When Will I Learn?
February 23, 2021
“For this very reason, make every effort to add to your faith goodness, and to goodness, knowledge; and to your knowledge, self-control; and to your self-control, perseverance; and to your perseverance, godliness; and to godliness, mutual affection; and to mutual affection, love” (2 Peter 1:5-7, NIV).
I was overwhelmed this week with multiple 11-12-hour days and still behind. At the end of one such day an administrative assistant popped in my office and handed me a stack of charts to complete. I was frustrated at the inappropriateness of the task, not at her. Today, our service supervisor sat me down with the concern that I had not been kind to the admin. I apologized immediately and told her I needed to better separate my displeasure toward circumstances from the persons who hand me the circumstances.
This was not the first time, or even the 10th time, I‘ve had to apologize during my career for a lack of kindness when I was overwhelmed and pressured, all unintentional, but all painful to the ones who were hurt by my attitude.
As followers of Christ, we love the people we hurt. We know that life is “not about me.” We know that the Jesus living through us may be the only Jesus that others see. And yet, we are human and have limits to our emotional capacity and sometimes hurt people when we push past that limit.

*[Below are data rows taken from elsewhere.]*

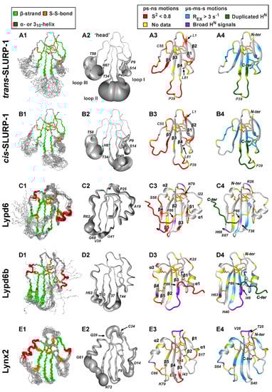 The ms–s timescale conformational fluctuations due to cis-trans isomerization of the Xxx-Pro peptide bonds were observed in the loop II of SLURP-1 and in the C-termini of Lypd6 and Lypd6b.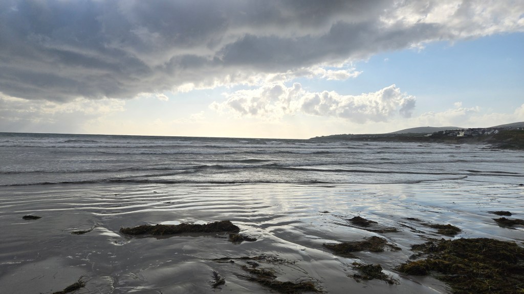 Ballyheigue, another seaside town with long beaches and small islands that danced in the clouds. At both beaches swimmers were in the water, hardy souls at 16 degrees C and they appeared to be enjoying it!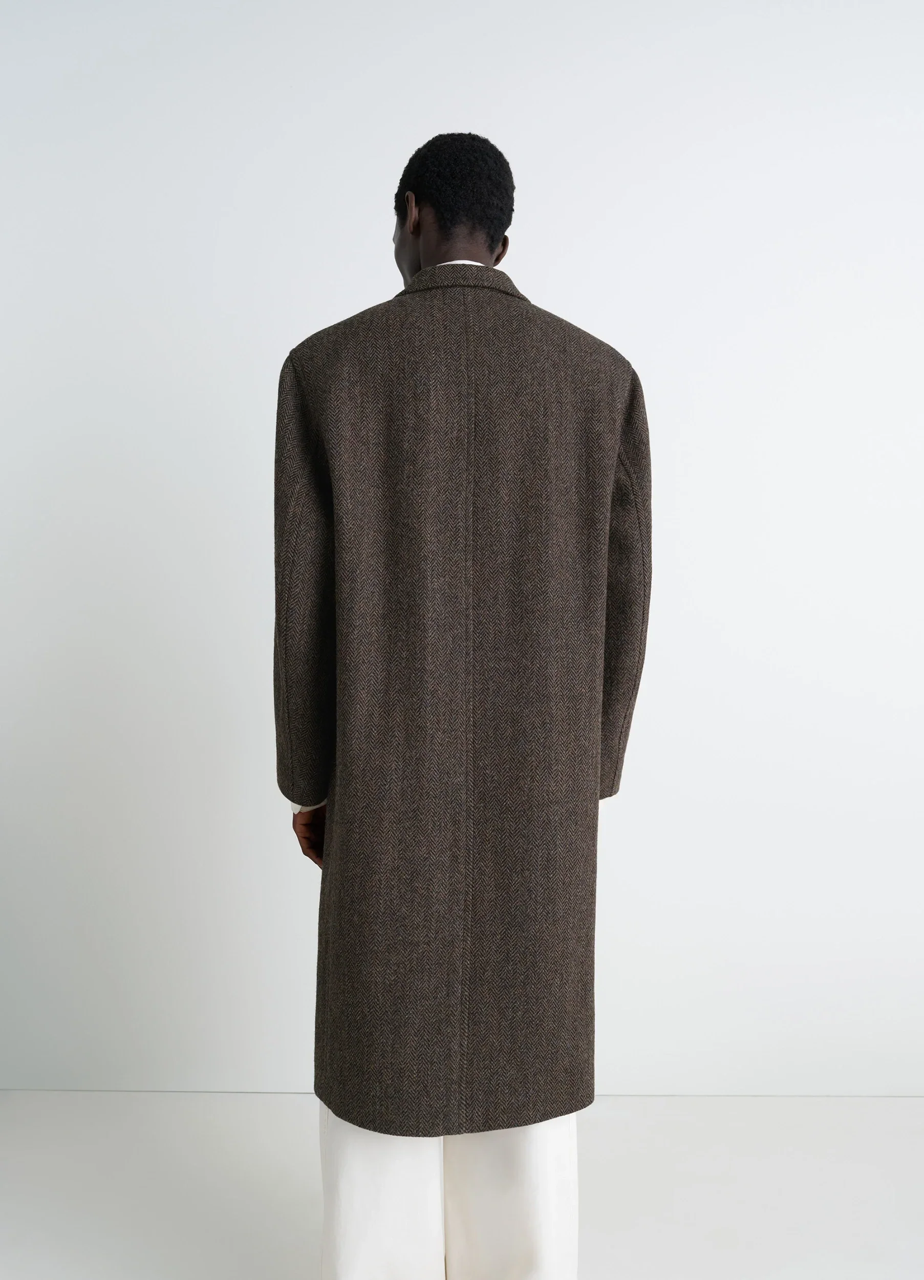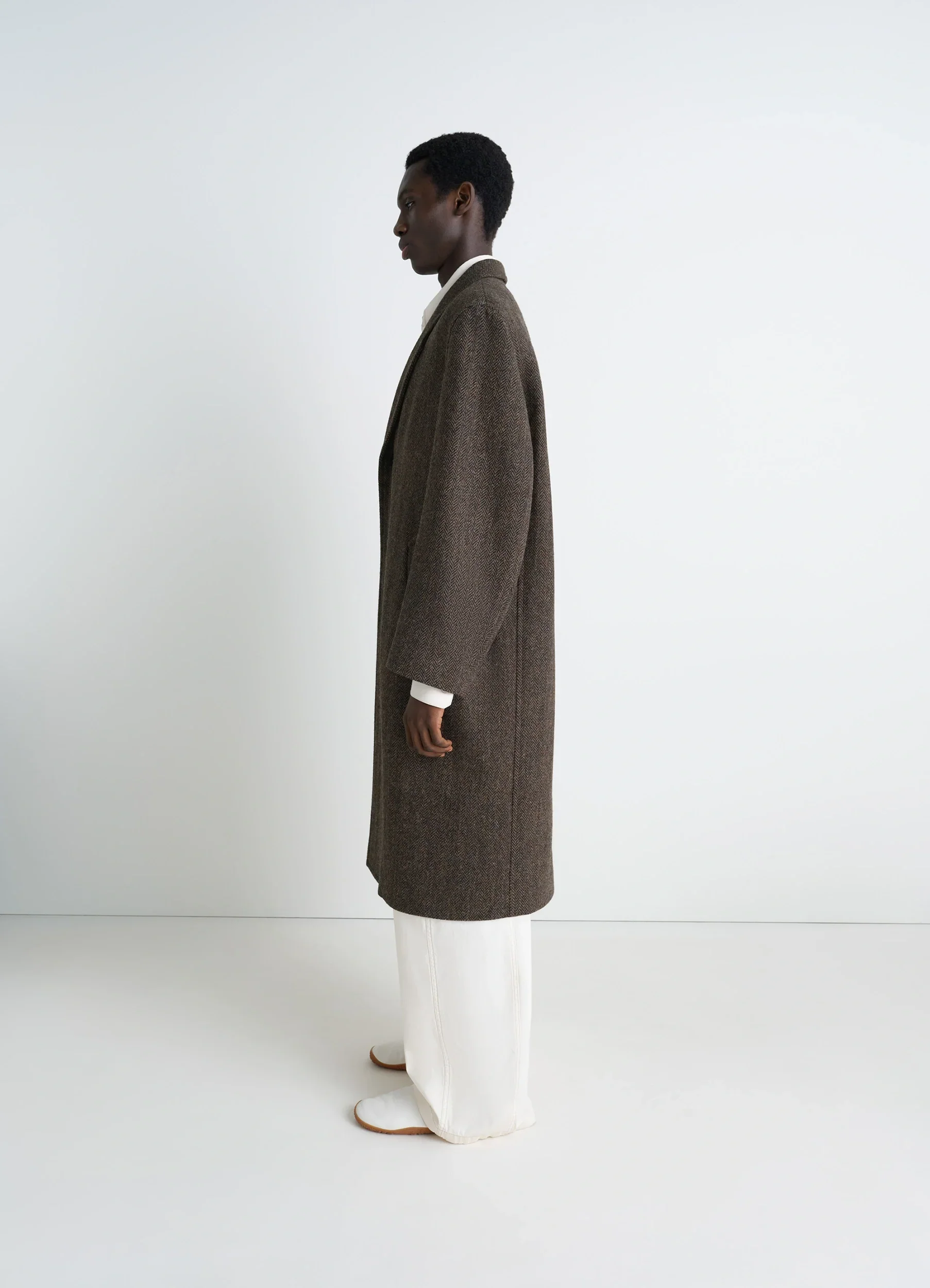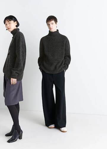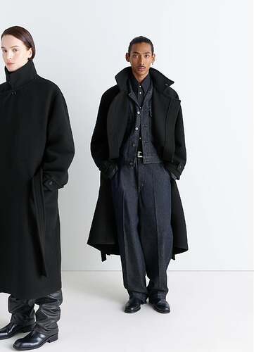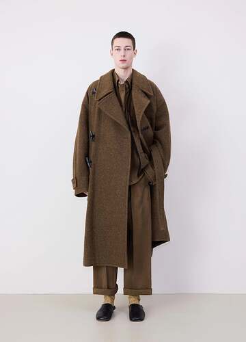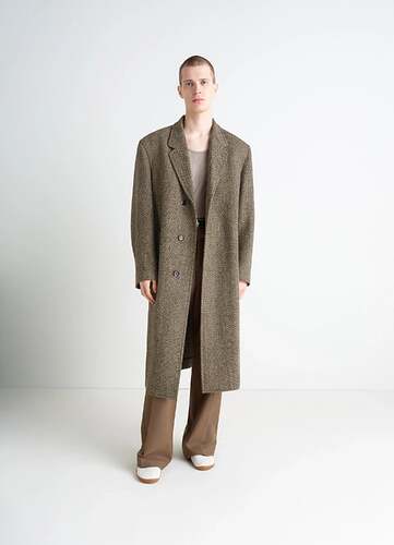 Pas vraiment sûr de la valeur ajoutée de ce manteau en Harris Tweed face à la concurrence classique qui facture moitié moins. Faudrait voir/essayer la coupe en personne pour s’en assurer. J’aime bien la forme et le volume des manches sur la photo de profil. Le motif chevron atypique de la version black/straw a attiré mon regard aussi.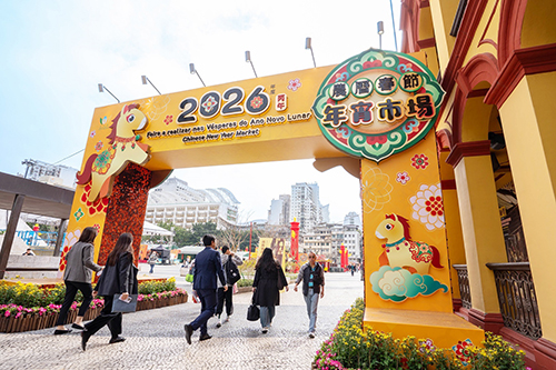 【本報訊】一年一度於塔石廣場舉行的農曆新春年宵市場昨日開幕,設有十六個售賣賀年禮品檔、六個年花檔及四個小食檔。現場除安排了流動表演及舞台表演外,今年亦特別設有攤位遊戲及一連串活動,加上喜慶的新年節日佈置,為春節年宵市場增添濃厚的熱鬧氣氛,與全澳市民及旅客共迎丙午馬年。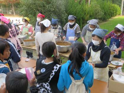 PTA・地域の皆さんも大変。一気に250食以上のご飯をよそって、カレーをたっぷりとかけるという作業。次から次に…。

What to do? I’m no expert, but I suspect there are ways I should change:
- Slow down. I have always been one to believe that fast, hard work is usually good for the glory of God. I have never intentionally built margin into my life, though Dr. Richard Swenson has warned me about this for years. One guiding principle I need to consider when I am moving too fast: if my pace is making me unkind, I am moving too fast and need to slow down—or I’m doing too much and need to let go.
- Focus on the moment. Focus on the person in that moment. I hurt this woman because I was focused on the load across my shoulders, how much I needed to lift it to finish my day and get home. I never saw the person, just the task. Every time a person walks into my room, I should follow Dr. Walt Larimore’s advice. I should pause and ask myself, “WIGD?” (What is God Doing?)
- Apologize and ask forgiveness. I did so publicly for this woman and bought lunch for the whole office as a sign of my commitment to do better. My experience has been that failure followed by repentence is sometimes a more powerful Christian witness than never having failed at all.
I will not be perfect until I am finally and fully transformed into the likeness of Christ. But the God who redeems my eternal failure is always present to redeem my earthly failures for His glory. He does want me to try harder as well.
Dear God,
Help me to do less when less is best, to slow down when slow is best, to focus on people, not just tasks, and to ask forgiveness when I fail.